Three use cases compose the CAS automotive CRM trial. Use case 1 for the digitalisation and automatic workflows; use case 2 enacts cross-organisational collaboration; use case 3 provides cross-organisational lead generation and management.

Detailed description of the use cases

Use case 1: digitalisation to automatic GDPR-compliant workflows

The digitalisation entails data modification processes that need to comply with GDPR including customer self-service processes, such as service appointments, or customer satisfaction surveys. The processes are improved in this use case based on the discoveries done by applying process mining to automotive dealer data.
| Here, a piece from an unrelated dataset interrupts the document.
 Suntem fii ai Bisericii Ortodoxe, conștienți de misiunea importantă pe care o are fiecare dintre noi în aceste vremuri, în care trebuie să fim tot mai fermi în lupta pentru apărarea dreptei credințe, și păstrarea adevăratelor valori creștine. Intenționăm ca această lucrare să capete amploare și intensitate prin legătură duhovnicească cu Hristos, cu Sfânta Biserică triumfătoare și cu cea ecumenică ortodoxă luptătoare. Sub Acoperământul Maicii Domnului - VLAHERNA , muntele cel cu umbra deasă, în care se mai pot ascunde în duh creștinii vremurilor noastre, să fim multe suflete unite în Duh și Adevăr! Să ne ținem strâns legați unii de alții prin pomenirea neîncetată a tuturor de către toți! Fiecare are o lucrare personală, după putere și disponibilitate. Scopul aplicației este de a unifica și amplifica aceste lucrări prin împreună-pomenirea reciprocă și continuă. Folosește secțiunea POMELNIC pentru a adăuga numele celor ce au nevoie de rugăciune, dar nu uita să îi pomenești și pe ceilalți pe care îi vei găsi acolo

Relevant processing operations taking place in automotive IT environment (for instance CRM, dealer management system, document management system…) are listed below:

  • Collection of consent, vehicle inspection data, vehicle repair requests, and vehicle inspection appointments.
  • Storage of vehicle inspection data, vehicle repair requests, digitalised repair receipt, and vehicle inspection appointments.
  • Disclosure by transmission, dissemination or otherwise making available of digitalised repair receipt, vehicle inspection appointments, vehicle inspection data, and vehicle repair requests.
  • Consultation, use, and erasure of the above data.

This use case focuses on the following test cases and tools:

  • CAS.1 — GDPR-requests and consent management: user-centred tools.
  • CAS.4 — Improve process in line with GDPR: process mining and discovery tool.
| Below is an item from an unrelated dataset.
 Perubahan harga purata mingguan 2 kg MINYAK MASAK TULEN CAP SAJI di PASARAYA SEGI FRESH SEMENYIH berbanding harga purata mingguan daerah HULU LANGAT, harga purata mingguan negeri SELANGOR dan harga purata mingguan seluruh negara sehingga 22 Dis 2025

Use case 2: enforce subject rights across multiple systems

Use case 2 shows the preliminary assessment of the impact analysis of this use case as data subjects, car dealerships, the BPR4GPDR user-centred tools, vendor-specific marketing tools, vendor-specific product configurator, OEMs (Original Equipment Manufacturers), dealer management systems (DMS), and other systems perform processing operations in each workflow step. The processed information includes personal data of the data subject, consent information, car data, repair data, leasing contracts, leasing configuration of contracts, marketing campaigns, and data subjects’ signatures.
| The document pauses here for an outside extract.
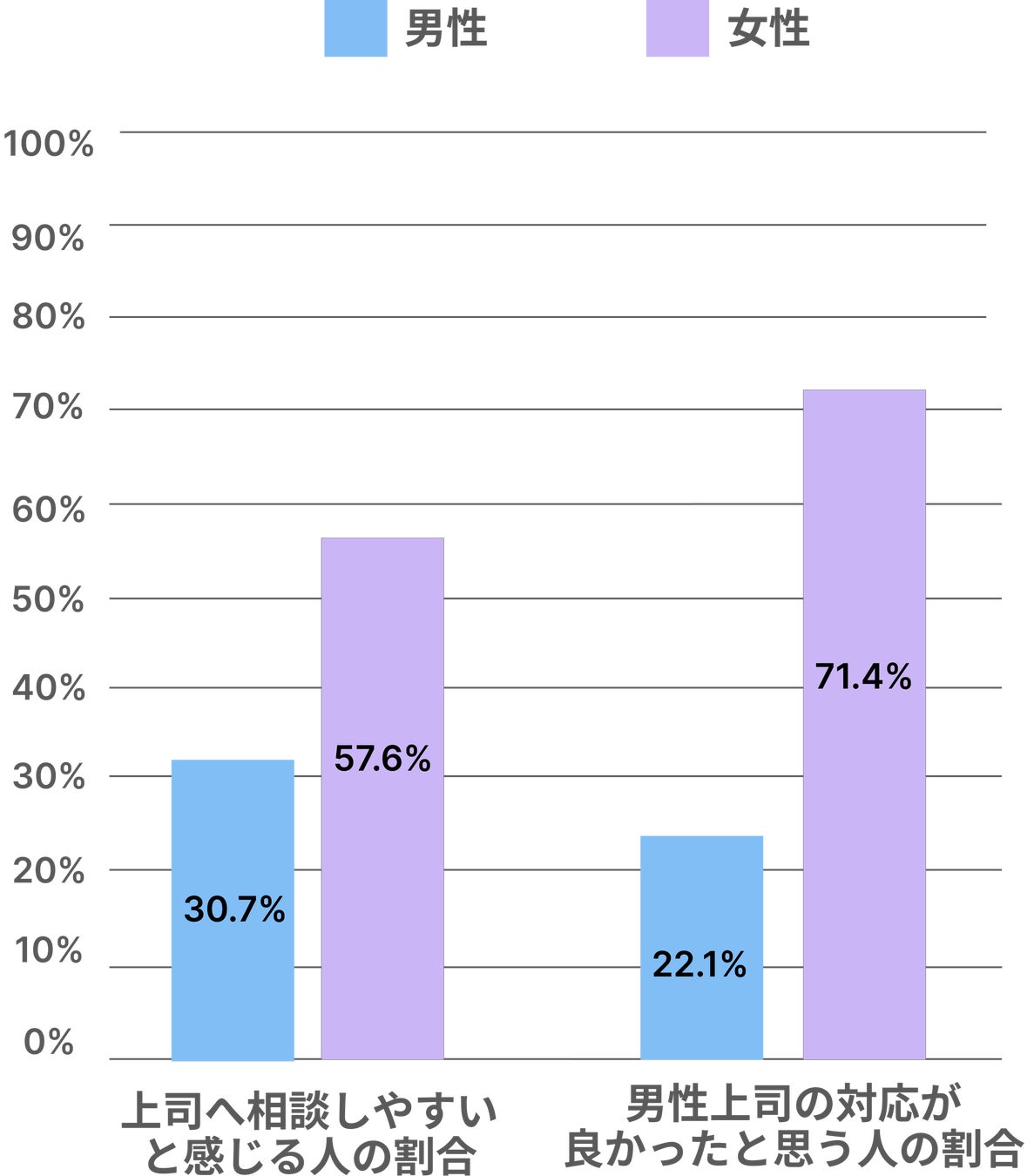 全ての導入企業で、男性の方が「【同性の】上司へ相談しやすい」と感じる人が女性よりも少なく、また相談した際の「【同性の】上司の対応に対する評価」も男性の方が女性よりも低いのが実態です。同性のため、異性の上司の場合よりも抵抗感が少なくなると考えられるものの、男性も男性上司へ相談しづらいと思う人が女性同士に比べて多くなりました。

The use case entails gathering consent to undertake the follow-up leasing campaign upon the immediate or prior consent given by the data subject. It involves the participation of the data subjects to give their consent as well as the car dealership’s automotive CRM system and vendor-specific marketing tools, product configurators, and data management systems (DMS).

Follow-up leasing campaign workflow

This use case focuses on the following test cases and tools:

  • CAS.2 — Right to erasure across multiple IT systems: user-centred tools.
  • CAS.3 — Management of retention periods: user-centred tools.

Use case 3: risk assessment of cross-organisational lead management

Use case 3 involves data subjects, car dealerships, lead agencies, address brokers, OEMs (Original Equipment Manufacturers), and other systems perform processing operations in each step of their collaborative workflow. The information these stakeholders share include contact data of the natural persons constituting data subjects, lead generation criteria and other sensible information. The process will be assessed and improved with regard to its compliance with GDPR by using the risk assessment tool, apply improved security measures and again assess the risk. The following are the most relevant processing operations that take place in cross-organisational automotive CRM systems with regard to use case 3:

  • Storage of test drive requests, leads data, and web surfing data.
  • Secure disclosure by transmission, dissemination or otherwise making available of test drive requests, web surfing data, generated leads, and lead generation criteria.
  • Statistics on and combination of test drive requests, web surfing data, and leads data.
  • Erasure or destruction of test drive requests, web surfing data, generated leads, lead generation criteria, leads data, and personal data.

This use case focuses on the following test cases and tools:

  • CAS.3 — Management of retention periods: user-centred tools.
  • CAS.5 — Risk assessment: risk assessment methodology.
  • CAS.6 – Release of anonymised information: encryption & anonymisation tools.